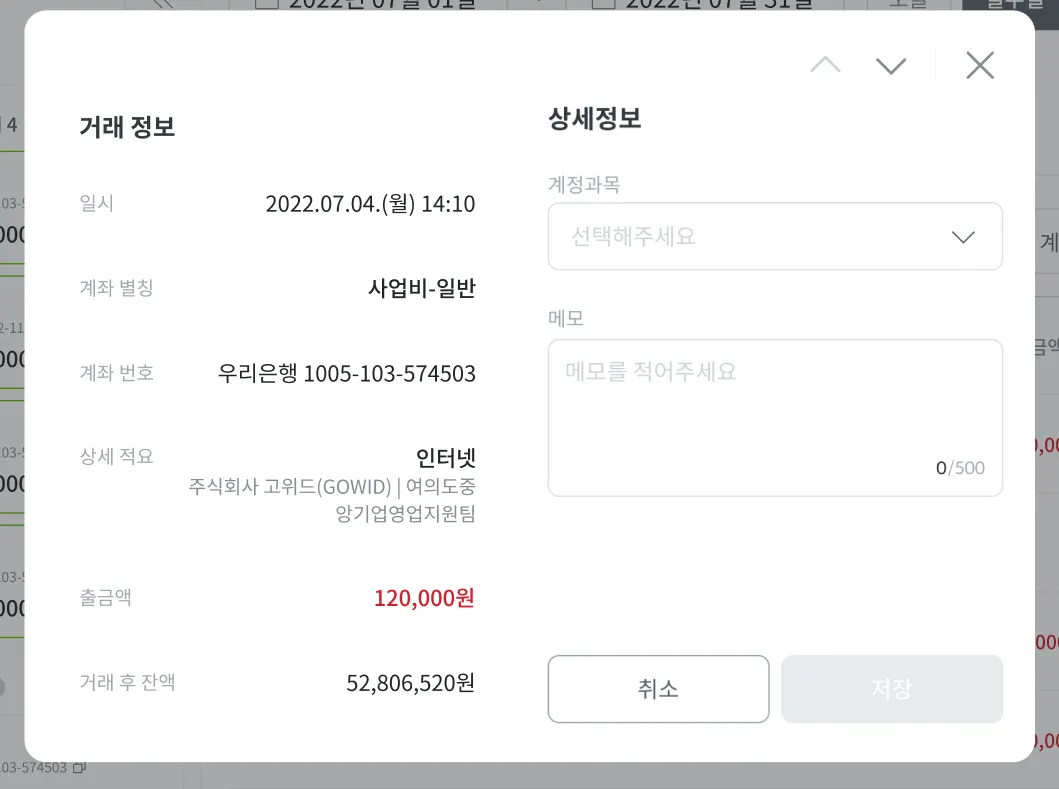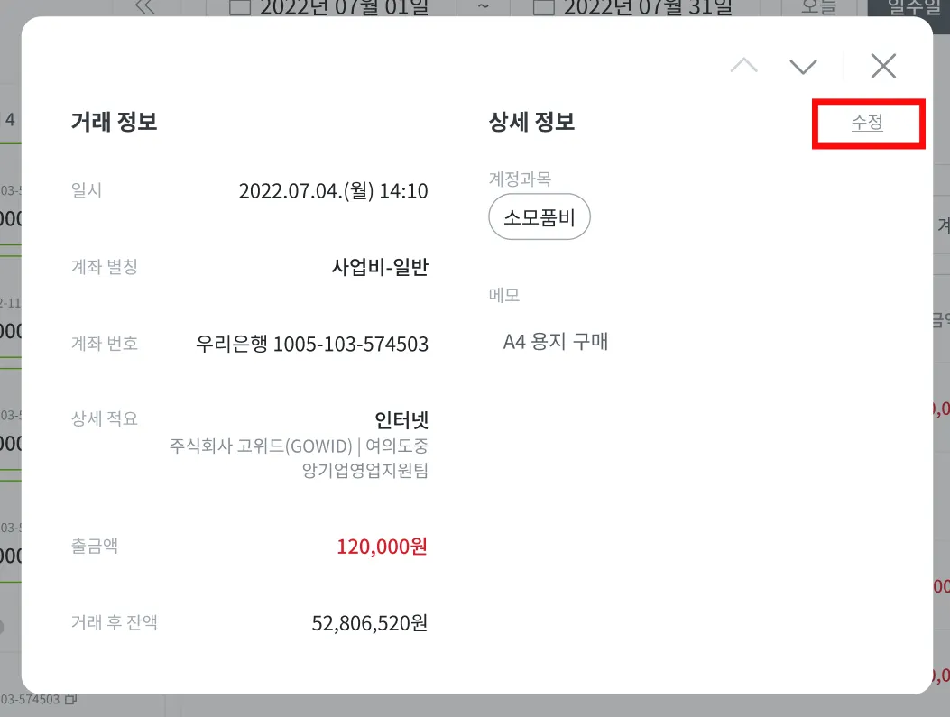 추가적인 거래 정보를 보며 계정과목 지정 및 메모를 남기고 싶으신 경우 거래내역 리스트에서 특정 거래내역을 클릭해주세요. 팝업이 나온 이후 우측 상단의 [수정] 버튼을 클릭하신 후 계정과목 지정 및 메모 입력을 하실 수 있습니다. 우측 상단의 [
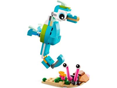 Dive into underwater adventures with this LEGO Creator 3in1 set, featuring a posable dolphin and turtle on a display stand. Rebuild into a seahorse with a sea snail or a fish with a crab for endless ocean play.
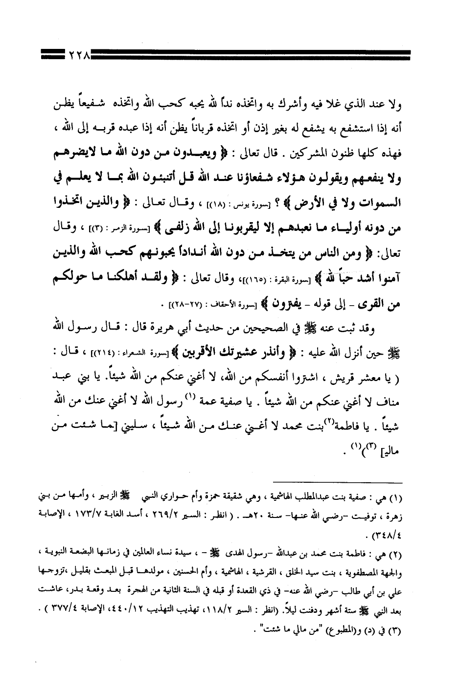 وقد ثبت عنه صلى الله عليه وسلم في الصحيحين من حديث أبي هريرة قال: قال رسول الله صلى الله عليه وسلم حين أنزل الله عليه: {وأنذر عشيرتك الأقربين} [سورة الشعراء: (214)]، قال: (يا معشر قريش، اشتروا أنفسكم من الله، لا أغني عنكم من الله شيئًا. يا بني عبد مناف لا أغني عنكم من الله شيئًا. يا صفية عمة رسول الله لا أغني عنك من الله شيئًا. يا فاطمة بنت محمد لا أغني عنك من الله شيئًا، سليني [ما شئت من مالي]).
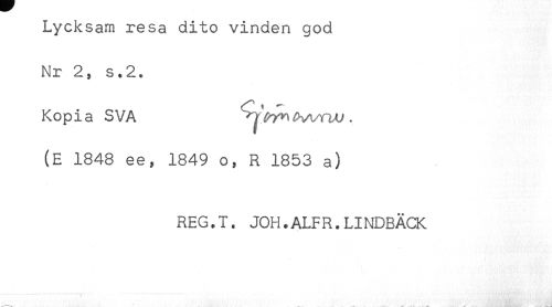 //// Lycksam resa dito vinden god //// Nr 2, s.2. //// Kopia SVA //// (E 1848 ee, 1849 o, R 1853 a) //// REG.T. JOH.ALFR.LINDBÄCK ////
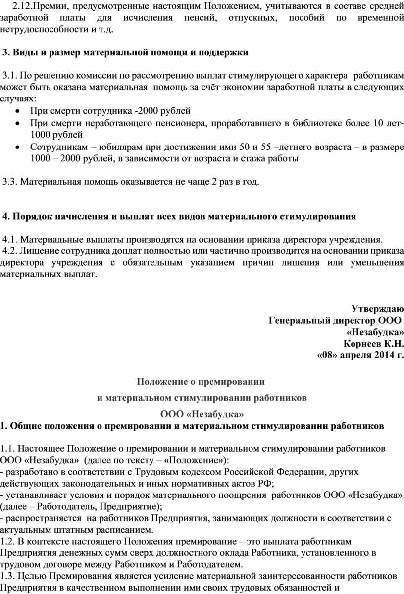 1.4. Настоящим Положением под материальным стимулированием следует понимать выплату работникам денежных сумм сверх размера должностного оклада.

◆ **Exercise**:
Please give again only those lines that run from the one containing "Dive into underwater" through the final line of the listing, both included, exactly as written and without pictures.

◆ **Expected answer**:
 Dive into underwater adventures with this LEGO Creator 3in1 set, featuring a posable dolphin and turtle on a display stand. Rebuild into a seahorse with a sea snail or a fish with a crab for endless ocean play.
 وقد ثبت عنه صلى الله عليه وسلم في الصحيحين من حديث أبي هريرة قال: قال رسول الله صلى الله عليه وسلم حين أنزل الله عليه: {وأنذر عشيرتك الأقربين} [سورة الشعراء: (214)]، قال: (يا معشر قريش، اشتروا أنفسكم من الله، لا أغني عنكم من الله شيئًا. يا بني عبد مناف لا أغني عنكم من الله شيئًا. يا صفية عمة رسول الله لا أغني عنك من الله شيئًا. يا فاطمة بنت محمد لا أغني عنك من الله شيئًا، سليني [ما شئت من مالي]).
 //// Lycksam resa dito vinden god //// Nr 2, s.2. //// Kopia SVA //// (E 1848 ee, 1849 o, R 1853 a) //// REG.T. JOH.ALFR.LINDBÄCK ////
 1.4. Настоящим Положением под материальным стимулированием следует понимать выплату работникам денежных сумм сверх размера должностного оклада.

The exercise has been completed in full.